Hedge fund managers in aggregate suffered little damage in the previous two weeks from the removal of the euro cap on the Swiss franc by the Swiss National Bank, and some strategies “stand to win” from the European Central Bank's monetary expansion program, Lyxor Asset Management research showed.
The impact of the sudden rise of the Swiss franc on Jan. 15 was “positive for (commodity trading advisers) and negligible for global macro and long/short equity managers,” wrote Philippe Ferreira, head of research, in Lyxor's latest research report, released Monday.
The year-to-date return as of Jan. 20 of the multistrategy Lyxor Hedge Fund index was 0.3% compared to 4.2% for the Lyxor CTA Broad index and 1.5% for the Lyxor Global Macro index, while the firm's L/S Equity Broad index came in at 0.4%, Mr. Ferreira's data showed.
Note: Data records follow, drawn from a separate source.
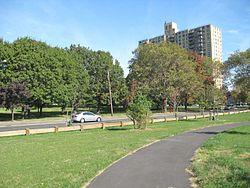 Soundview Park occupies 205 acres (83 ha) in the southwestern section of the neighborhood, with ballfields and playgrounds and a pedestrian/bike greenway along the left bank of the Bronx River estuary from Lafayette Avenue to Leland Avenue.[13] It was built on filled land[14] starting in 1939.[15] The first 93 acres (38 ha) of the park were acquired by the City of New York in 1937,[16] and 66 acres (27 ha) more were acquired along the water's edge in December 1939.[17]
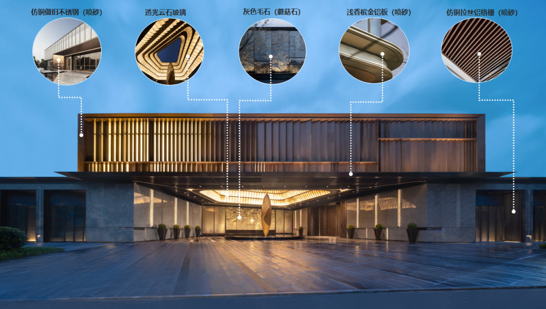 灰色石材、古铜色铝板及金属线条的使用,使得在一层近人尺度上营造出酒店般奢华尊贵感受;二层弧面玻璃、浅色铝板又形成轻盈时尚的气质。
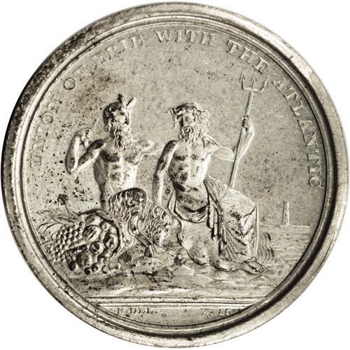 <B>1826 So-Called Dollar, HK-1, Erie Canal Completion, Uncirculated Uncertified.</B></I> White metal. About 90% of the original silvering is still on the medal. Issued by the Common Council, City of New York; designed by Archibald Robertson; engraved by Charles Cushing Wright, "the first die-sinker in the United States"; and struck by Maltby Pedetreau. Listed in 1963 as the first so-called dollar in the standard Hibler-Kappen reference catalog, and still the standard reference today. This outstanding Uncirculated example in white metal is listed as "extremely rare."

The ECB's quantitative easing program to “reflate” the eurozone economy likely will benefit global macro and CTA managers that are both long European equities, which responded well to the Jan. 22 QE announcement, and short the euro vs. the U.S. dollar, Mr. Ferreira forecasted. The euro continues to deteriorate vs. the U.S. dollar since the QE program was unveiled, he said.
Lyxor research showed that as of Jan. 13, CTA managers' net exposure to the euro vs. the U.S. dollar was about 50% short and global macro managers were about a net 25% short the paired currency trade.